Надина шуба на удивление быстро обсохла, но она все равно
чувствовала озноб, и сердце билось какими-то неправильными толчками, и
спазм стискивал горло. «Все-таки надышалась», – подумала она почти
равнодушно. Ее больше беспокоило то, что Лапин был голый, точнее – без
дубленки. Лапина ей было жалко, и она боялась, что он может простудиться и
заболеть.
Когда Петрас подкатил свой микроавтобус, и они оказались в тепле
салона, то прежде чем ехать куда-либо дальше, Лапин потребовал от Надежды
объяснений. Надя попыталась, но получалось бестолково и слишком длинно.
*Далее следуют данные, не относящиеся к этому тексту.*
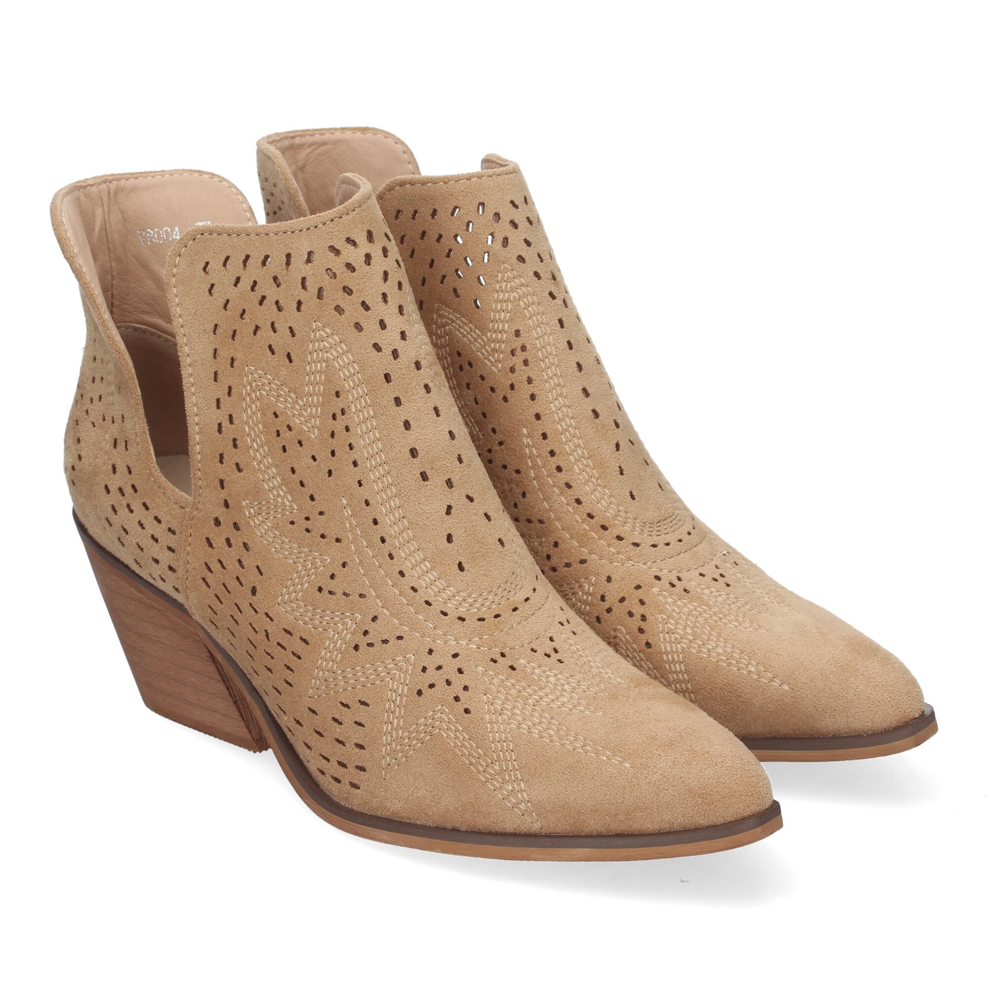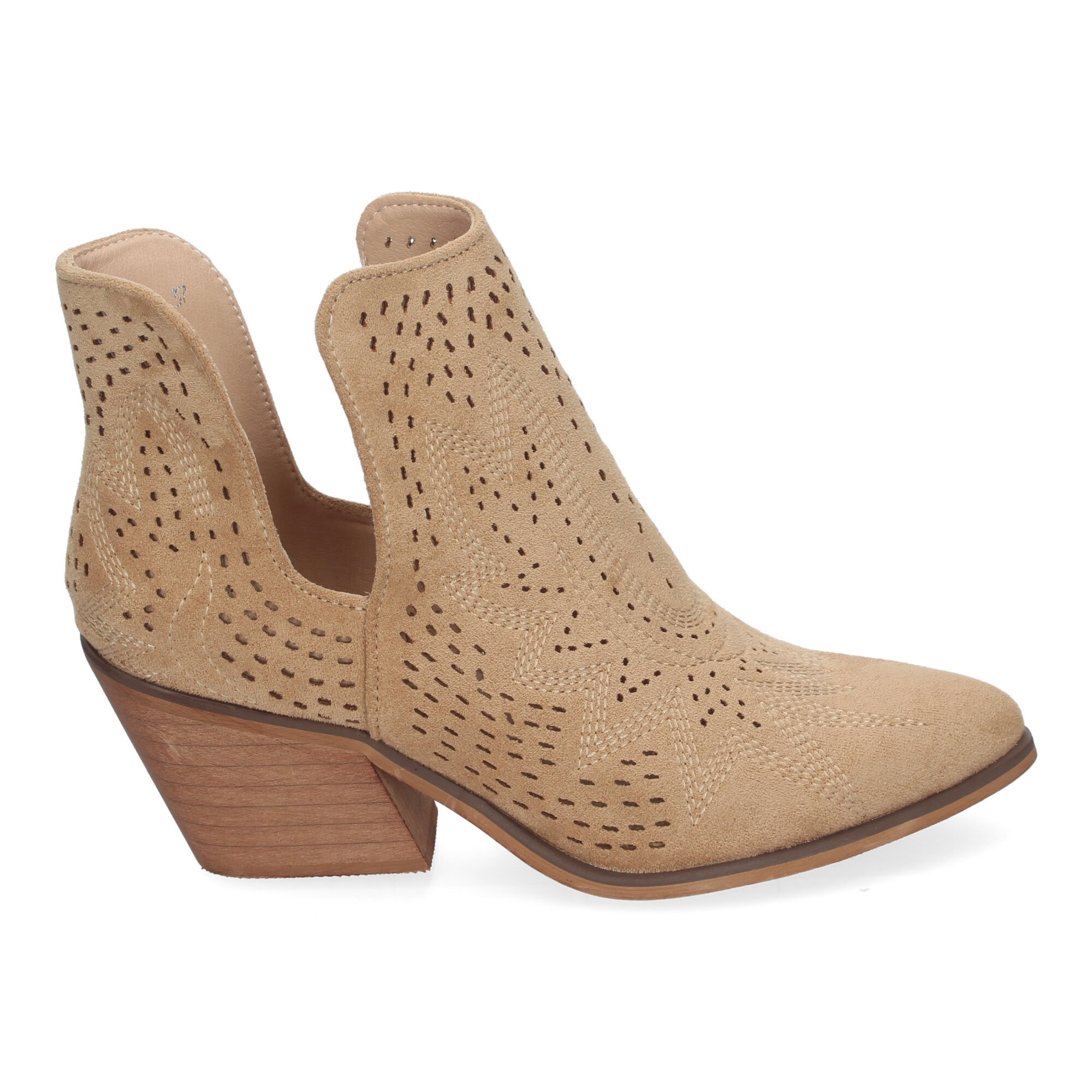 Botines de Tacón Campero para Mujer Primavera Verano Elegantes y Comodos, Diseño Perforado con Estampado en la pala, perfectos para cualquier ocasión.

Однако суть рассказа была понятна: Киреева по уши влезла в чужие дела и
чуть было не поплатилась за это.
Лапин слушал ее негодующе, Берзин – невозмутимо. Чистый прагматик,
он вычленил все, что относилось к недавнему инциденту, и сразу же вылез
посмотреть на брошенный коврик, а потом подобрал с мостовой почти пустую
бутыль.
Бутыль понюхал осторожно, покашлял. Остатки жидкости вылил прямо на
асфальт, а саму бутыль и коврик упаковал в пакет, вернулся в автобус и
пристроил пакет на одно из сидений. Спросил Надежду, как все-таки она себя
чувствует. Потом раскрыл свою аптечку, извлек из нее какую-то ампулу,
надломил, сунул в нос и приказал дышать. Надя послушно дышала, и через
какое-то время ей стало легче.
– Что это? – спросила она Берзина, возвращая стекляшку.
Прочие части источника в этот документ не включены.